Religiões - Muçulmanos (807 milhões), hinduístas (792 milhões), budistas (351 milhões), cristãos (306 milhões): são alguns números que revelam uma problemática profunda e questionam as Igrejas e sua ação missionária. Depois de cinco séculos de presença dos missionários no continente (sem contar a atividade dos nestorianos na Índia a partir do século 6, e, na China, cem anos depois, e dos franciscanos no Império Mongol nos séculos 13-14, atingindo, sobretudo, a China) a impressão é que a Ásia é impermeável ao cristianismo. Só nas Filipinas, os cristãos são 93% da população (católicos 83%); mas trata-se de um caso particular, devido à colonização espanhola que repetiu nesse país uma experiência de tipo "latino-americano". Pelo resto, para dar só alguns exemplos, na Índia os cristãos são 3,8% da população, no Japão 1,2%, na Indonésia 9,6%, na Tailândia 0,6%, na China 0,1%.
Seria a Ásia um fracasso da missão? As respostas dependem da idéia de cristianismo e do seu relacionamento com o mundo, as culturas e as religiões que cada um tem. Antigamente e até o Vaticano II, era comum a idéia de que fora da Igreja (católica) não havia salvação. Os fiéis das outras religiões eram destinados à perdição (ou ao Limbo). Havia, porém, uma abertura nesta posição rígida: admitia-se que pessoas em boa fé e observantes da lei natural podiam conseguir a vida eterna. Nesta posição, as religiões não-cristãs, se não eram consideradas "obra do diabo", estavam, porém, totalmente excluídas do plano divino da salvação.

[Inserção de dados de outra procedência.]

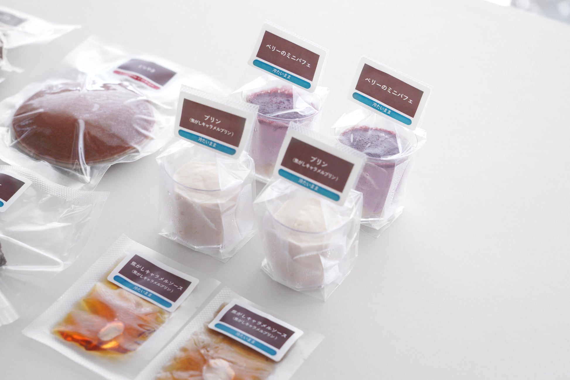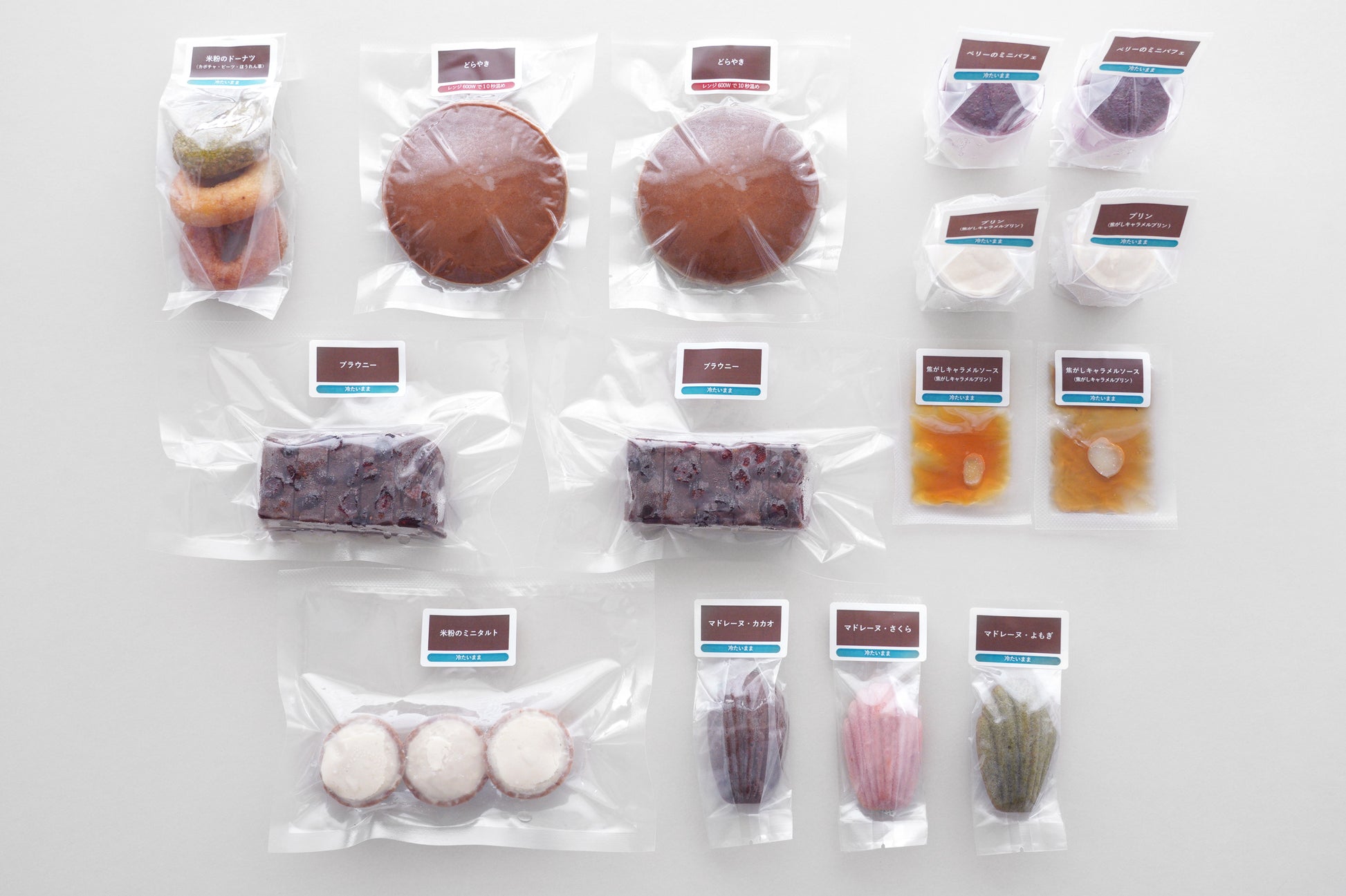 原材料:大豆加工品(食用植物油脂、大豆粉末)、いちご、てんさい糖、ブルーベリー、ひよこ豆、米粉、食用こめ油、白ワイン、じゃがいもタンパク食品、コーンスターチ、メープルシロップ、レモン、こんにゃく加工品、洋酒、食塩/乳化剤、安定剤(増粘多糖類、アカシア、キサンタンガム)、ゲル化剤(増粘多糖類、アルギン酸ナトリウム、カラギナン、ローカストビーンガム)、酸化防止剤(亜硫酸塩、無水亜硫酸)、膨張剤、硫酸カルシウム、塩化マグネシウム、重曹、香料、(一部に大豆を含む)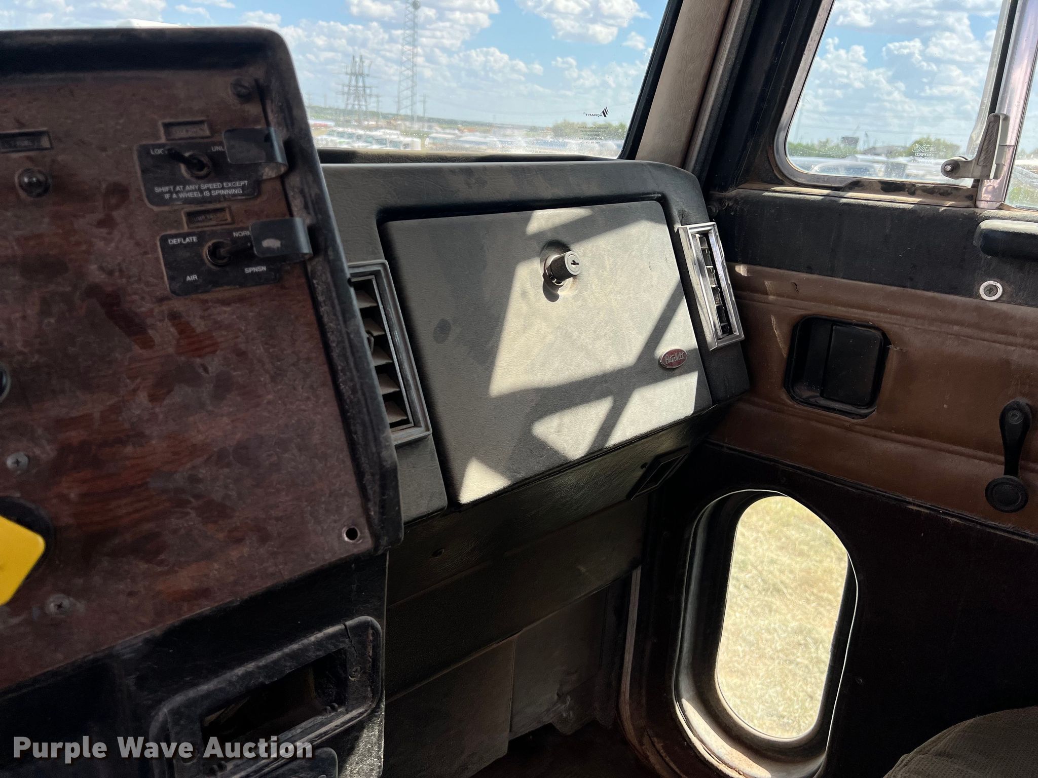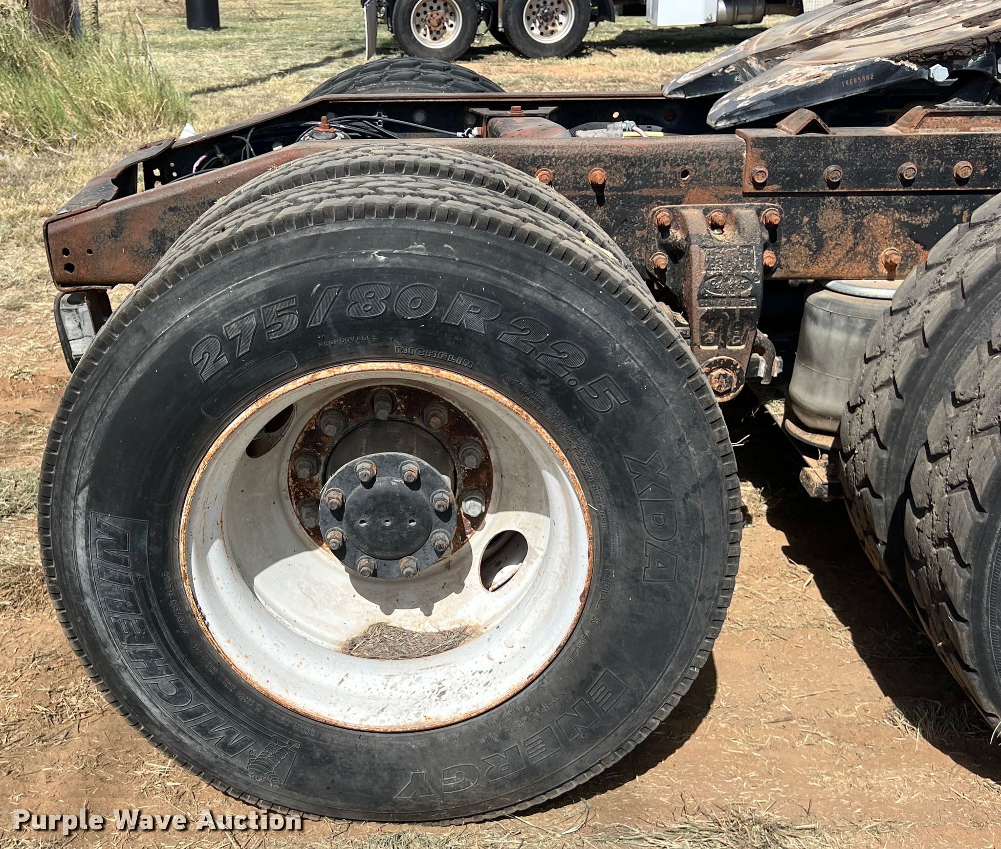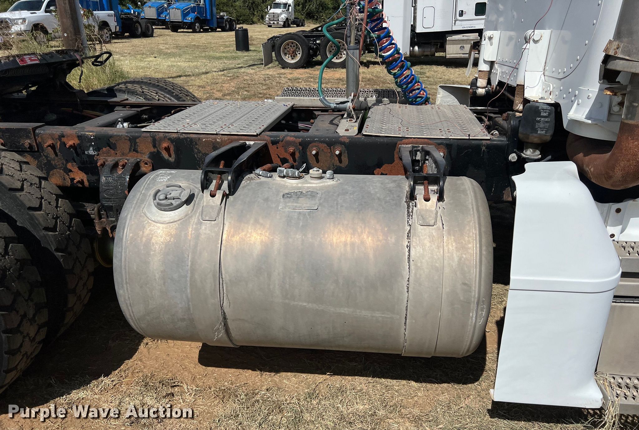 1998 Peterbilt 377 semi truck. Miles: 141,105 on odometer, VIN: 1XPCDU9X7WD425966, Unit #: 7524. Engine Caterpillar C12, Cylinders: 6, Fuel type: Diesel. Transmission Manual. Chassis Axles: Tandem, Differential lock: Inter-axle, Suspension: Air Dump valves, Brakes: Air, GVWR: 50,000 lbs FAWR: 12,000 lbs, IAWR: 19,000 lbs, RAWR: 19,000 lbs. Interior AC, Heat, Air ride cab. Features Deck plate: Aluminum, Fifth wheel type: Fixed, Fuel tank: Dual. Tires Size: 295/75R22.5. Notes Windshield chipped or cracked, Dead battery, Brake issues, do not release , Non-operational climate controls, Cruise switch missing. Missouri title. Title distribution may be delayed up to 14 days from verification of funds. Western Dairy Transport/Southwest Leasing Inc.. Stephenville, TX 76401

O problema fundamental para os cristãos é como conciliar diálogo e anúncio, encontro com as outras religiões e afirmação da própria identidade, sem exclusivismos, mas também sem dissolver a verdade sobre Jesus Cristo, único Salvador.
O desafio da Ásia para a Igreja consiste no convite a repensar profundamente a missão como tradicionalmente foi realizada, sem chegar necessariamente a uma sensação de fracasso, mas procurando o significado e a função das religiões no plano de salvação de Deus. Estamos ainda no começo: seria perigoso queimar as etapas, encarando a questão de uma maneira superficial e apressada. Nisso, a dimensão existencial é mais proveitosa que o trabalho teológico. E já estão acontecendo em muitos países experiências de diálogo da vida, na escuta e conhecimento recíproco, na oração comum, na ação social conjunta, que constroem pontes e criam o terreno para um entendimento também teológico.